Sunday, April 18, 2010

Night

Recently I had a desire to read something really excellent, so I went to my bookshelves and pulled out Nobel Peace Prize winning author Elie Wiesel's Night, which has been getting a lot of press since the the 2006 re-translation by Wiesel's wife, Marion, and a new preface. It's a slim volume of 120 pages but the weight on the soul is quite heavy.

Wiesel's novel, which was originally written in Yiddish and translated to French in 1958, is about his experience as a young Jewish boy from Transylvania who was sent to concentration camps (Auschwitz then Buchenwald) in 1944. Weisel and his father were immediately separated from his mother and sister after a harrowing train ride to the camp (the mother and the sister were killed immediately).

The book is hopeless and heart-wrenching and the fact that he survived at all is rather astounding.
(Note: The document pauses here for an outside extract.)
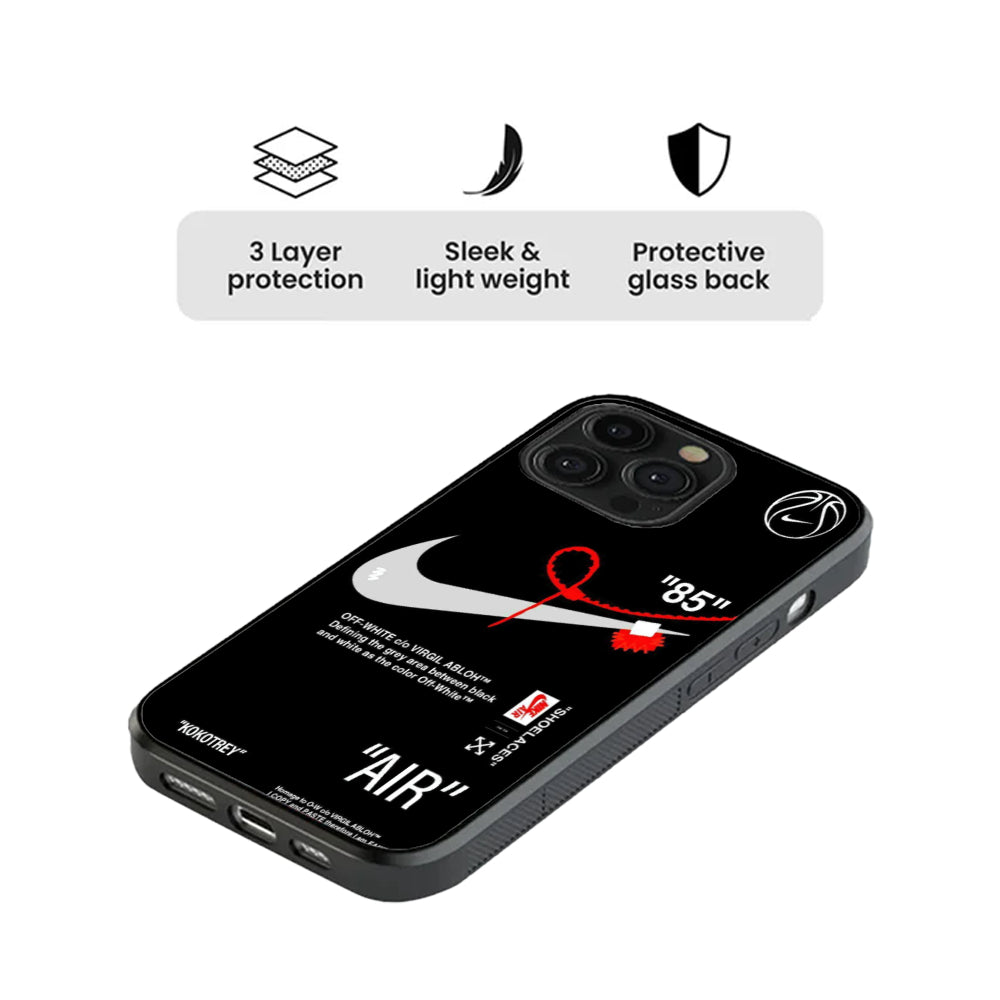 The design is a masterclass in deconstructed, high-contrast industrialism. Set against a deep obsidian finish, the iconic Swoosh is re-imagined with a raw, stitched aesthetic and the signature zip-tie orange. Featuring the legendary "85" and "SHOELACES" typography, it captures the raw energy of a movement that turned the world of fashion inside out.

What Wiesel makes clear is that those who did survive were robbed of their humanity - he describes how his body sort of went on autopilot, as, starved and abused, he nevertheless was able to run and work for long periods. He describes how men killed each other for a piece of bread, and how, ultimately, he turned his back on his father for fear that he would be beaten himself. Wiesel's honesty about his own most shameful moments are, simply, agonizing to read. He is a brave, brave man to expose himself. However painful to read, his book is a gift. He writes in his preface:
For the survivor who chooses to testify, it is clear; his duty is to bear witness for the dead and the for the living. He has no right to deprive future generations of a past that belongs to our collective memory. To forget would be not only dangerous but offensive; to forget the dead would be akin to killing them a second time.